RE: [EXTERNAL] Re: Bursts of Thrift threads make cluster unresponsive

2019-06-28 Thread Durity, Sean R
This sounds like a bad query or large partition. If a large partition is 
requested on multiple nodes (because of consistency level), it will pressure 
all those replica nodes. Then, as the cluster tries to adjust the rest of the 
load, the other nodes can get overwhelmed, too.

Look at cfstats to see if you have some large partitions. You may also see them 
as warnings in the system.log when they are getting compacted.

Also check for any ALLOW FILTERING queries in the code (or slow query stats, if 
you have them)

Sean


From: Dmitry Simonov 
Sent: Thursday, June 27, 2019 5:22 PM
To: user@cassandra.apache.org
Subject: [EXTERNAL] Re: Bursts of Thrift threads make cluster unresponsive

> Is there an order in which the events you described happened, or is the order 
> with which you presented them the order you notice things going wrong?

At first, threads count (Thrift) start increasing.
After 2 or 3 minutes they consume all CPU cores.
After that, simultaneously: message drops occur, read latency increases, active 
read tasks are noticed.

пт, 28 июн. 2019 г. в 01:40, Avinash Mandava 
mailto:avin...@vorstella.com>>:
Yeah i skimmed too fast, don't add more work if CPU is pegged, and if using 
thrift protocol NTR would not have values.

Is there an order in which the events you described happened, or is the order 
with which you presented them the order you notice things going wrong?

On Thu, Jun 27, 2019 at 1:29 PM Dmitry Simonov 
mailto:dimmobor...@gmail.com>> wrote:
Thanks for your reply!

> Have you tried increasing concurrent reads until you see more activity in 
> disk?
When problem occurs, freshly created 1.2k - 2k Thrift threads consume all CPU 
on all cores.
Does increasing concurrent reads may help in this situation?

> org.apache.cassandra.metrics.type=ThreadPools.path=transport.scope=Native-Transport-Requests.name=TotalBlockedTasks.Count
This metric is 0 at all cluster nodes.

пт, 28 июн. 2019 г. в 00:34, Avinash Mandava 
mailto:avin...@vorstella.com>>:
Have you tried increasing concurrent reads until you see more activity in disk? 
If you've always got 32 active reads and high pending reads it could just be 
dropping the reads because the queues are saturated. Could be artificially 
bottlenecking at the C* process level.

Also what does this metric show over time:

org.apache.cassandra.metrics.type=ThreadPools.path=transport.scope=Native-Transport-Requests.name=TotalBlockedTasks.Count



On Thu, Jun 27, 2019 at 1:52 AM Dmitry Simonov 
mailto:dimmobor...@gmail.com>> wrote:
Hello!

We've met several times the following problem.
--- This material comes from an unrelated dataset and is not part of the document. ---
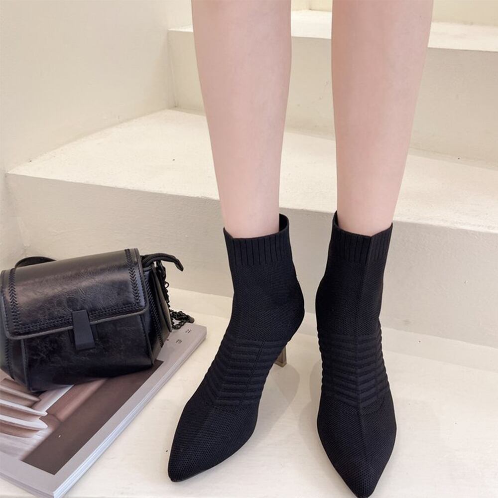 レディース ショートブーツ ピンヒール 韓国 ブーティ ハイヒール ニットブーツ 歩きやすい 秋冬靴 カジュアルおしゃれ ブーツ 大人 美脚ブーティ シンプル 無地 靴しなやかな履き心地で程よくフィットしてくれるニットソックスブーツポインテッドトゥが女性らしい印象を与えてくれるショート丈だから、足首がきゅっと締まって足細に見え、履くだけできれいな美脚になれる甲素材:合成繊維底素材:合成底カラー:ブラック/ライトベージュサイズ:22.5cm(225(1.5))/23.0cm(230(1.5))/23.5cm(235(1.5))/24.0cm(240(1.5))/24.5cm(245(1.5))(カッコ内は靴底表記となります)[22.5]長さ:約22.5cm 幅:約6.7cm 筒丈:約11.5cm 履き口周り:約20cm[23.0]長さ:約23.0cm 幅:約6.8cm 筒丈:約12.0cm 履き口周り:約21cm[23.5]長さ:約23.5cm 幅:約6.9cm 筒丈:約12.5cm 履き口周り:約22cm[24.0]長さ:約24.0cm 幅:約7.0cm 筒丈:約13.0cm 履き口周り:約23cm[24.5]長さ:約24.5cm 幅:約7.1cm 筒丈:約13.5cm 履き口周り:約24cmヒール(全サイズ):約7.5cm重さ(両足):約481g-544g生産国:中国※すべて平置きサイズです(採寸方法違いより、多少の誤差がございますので、ご了承ください)。
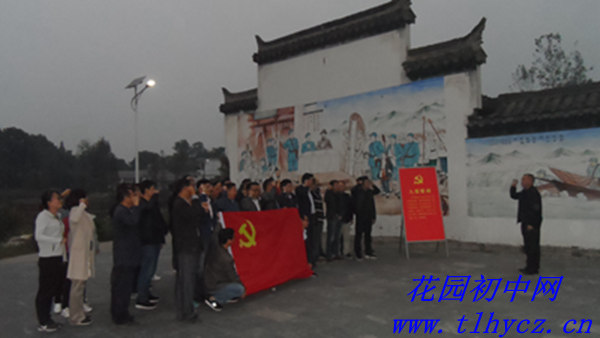 22日下午放学后,花园初中全体党员在王世和书记带领下参观了桐东抗日民主政府革命文物陈列馆。在馆外的宣誓墙前,党员们进行了庄严宣誓,重温入党誓词。

Cassandra cluster (5 nodes) becomes unresponsive for ~30 minutes:
- all CPUs have 100% load (normally we have LA 5 on 16-cores machine)
- cassandra's threads count raises from 300 to 1300 - 2000,most of them are 
Thrift threads in java.net.SocketInputStream.socketRead0(Native Method) method, 
count of other threads doesn't increase
- some Read messages are dropped
- read latency (p99.9) increases to 20-30 seconds
- there are up to 32 active Read Tasks, up to 3k - 6k pending Read Tasks

Problem starts synchronously on all nodes of cluster.
I cannot tie this problem with increased load from clients ("read rate" does't 
increase during the problem).
Also looks like there is no problem with disks (I/O latencies are OK).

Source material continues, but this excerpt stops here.